Introduction
One of the successful branches of artificial intelligence is computer vision, which allows computer to gain some insights from digital images and/or video. Neural networks can be successfully used for computer vision tasks.
Imagine you’re developing a system to recognize printed text. You’ve used some algorithmic approach to align the page and cut out individual characters in the text, and now you need to recognize individual letters. This problem is called image classification, because we need to separate input images into different classes. Other examples of such a problem would be automatically sorting post-cards according to the image, or determining product type in a delivery system from a photograph.
In this module, we’ll learn how to train image classification neural network models using PyTorch, one of the most popular Python libraries for building neural networks. We’ll start from simplest model - a fully connected dense neural network - and from a simple MNIST dataset of handwritten digits. We'll then learn about convolutional neural networks, which are designed to capture 2D image patterns, and switch to more complex dataset, CIFAR-10. Finally, we’ll use pre-trained networks and transfer learning to allow us to train models on relatively small datasets.
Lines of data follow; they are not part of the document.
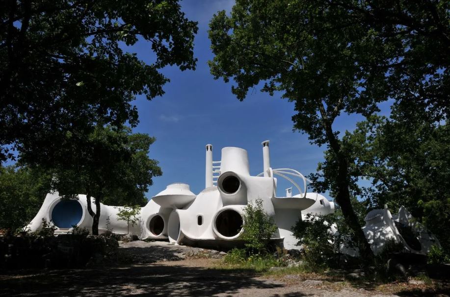 Cette maison-bulle de 156 m² offre une expérience d’habitation unique. Dès l’entrée, le visiteur est accueilli par un séjour où le passe-plat relie la cuisine. Les banquettes, étagères et une grande partie du mobilier sont façonnés à la main, reflétant les parois intérieures et les alvéoles en cascade. L’ensemble est agrémenté de mosaïques et sculptures colorées, présentes aussi bien à l’intérieur qu’à l’extérieur.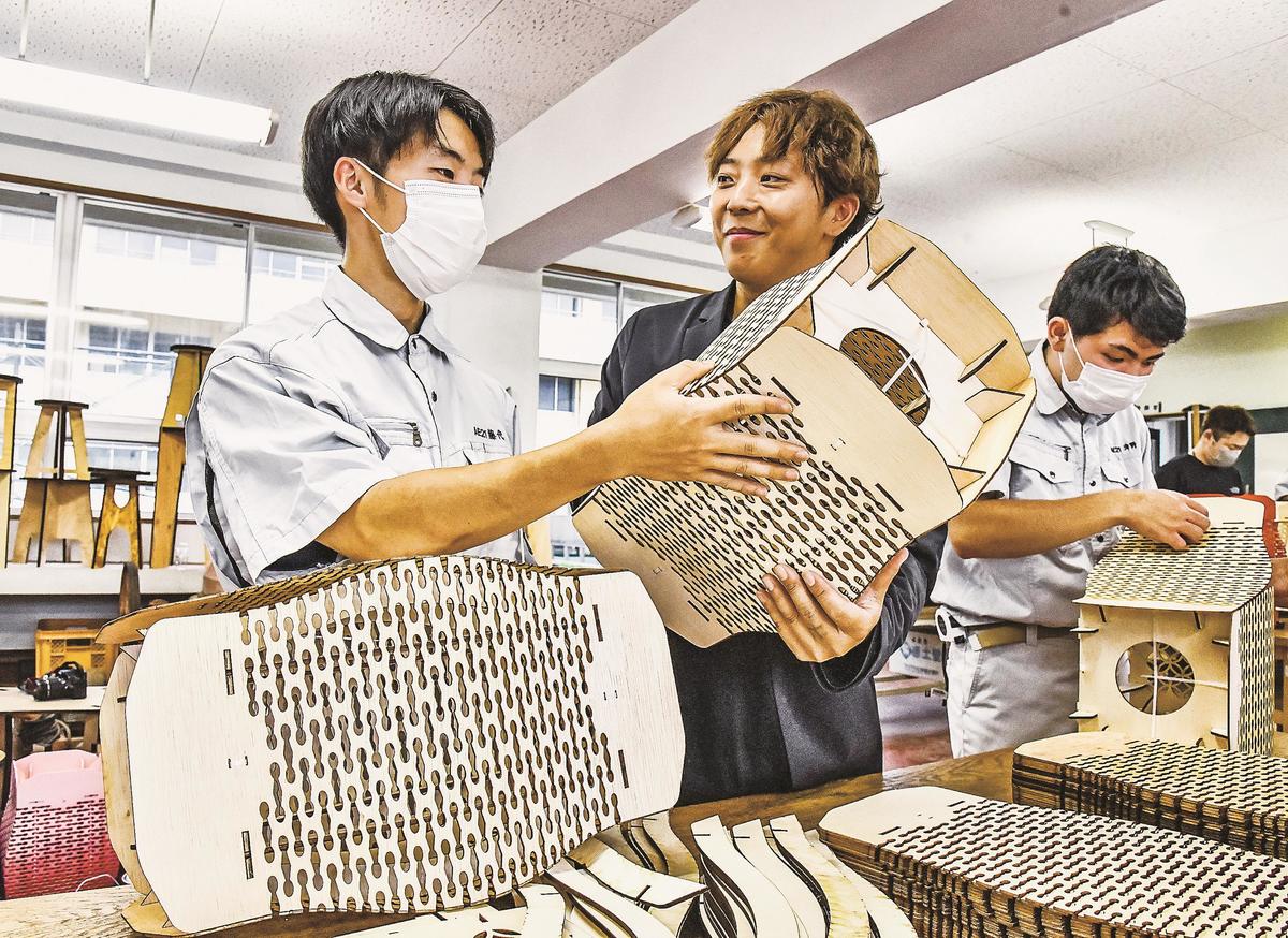 江津市最大の夏祭り「江の川祭」の新たな見どころをつくろうと、江津工業高校(江津市江津町)の生徒が木製ちょうちんを製作した。内部にLED電球を入れ祭り前日の8月15日、当日の16日に会場となる江津市江津町のパレットごうつの屋外エリアで点灯させるほか、恒例の市民パレードでは参加者に持ち歩いてもらい、光で祭りを彩る。 (村上栄太郎)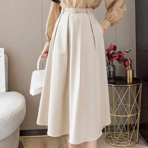 [신상오픈런]여성 심플한 톤다운 벨트 플레어 롱 스커트

By the end of this module, you’ll be able to train image classification models on real-world photographs, such as cats and dogs dataset, and develop image classifiers for your own scenarios.
Learning objectives
In this module you will:
- Learn about computer vision tasks most commonly solved with neural networks
- Understand how Convolutional Neural Networks (CNNs) work
- Train a neural network to recognize handwritten digits and classify cats and dogs
- Learn how to use Transfer Learning to solve real-world classification problems with PyTorch
Prerequisites
- Basic knowledge of Python and Jupyter Notebooks
- Familiarity with PyTorch framework, including tensors, basics of back propagation and building models
- Understanding machine learning concepts, such as classification, train/test dataset, accuracy, etc.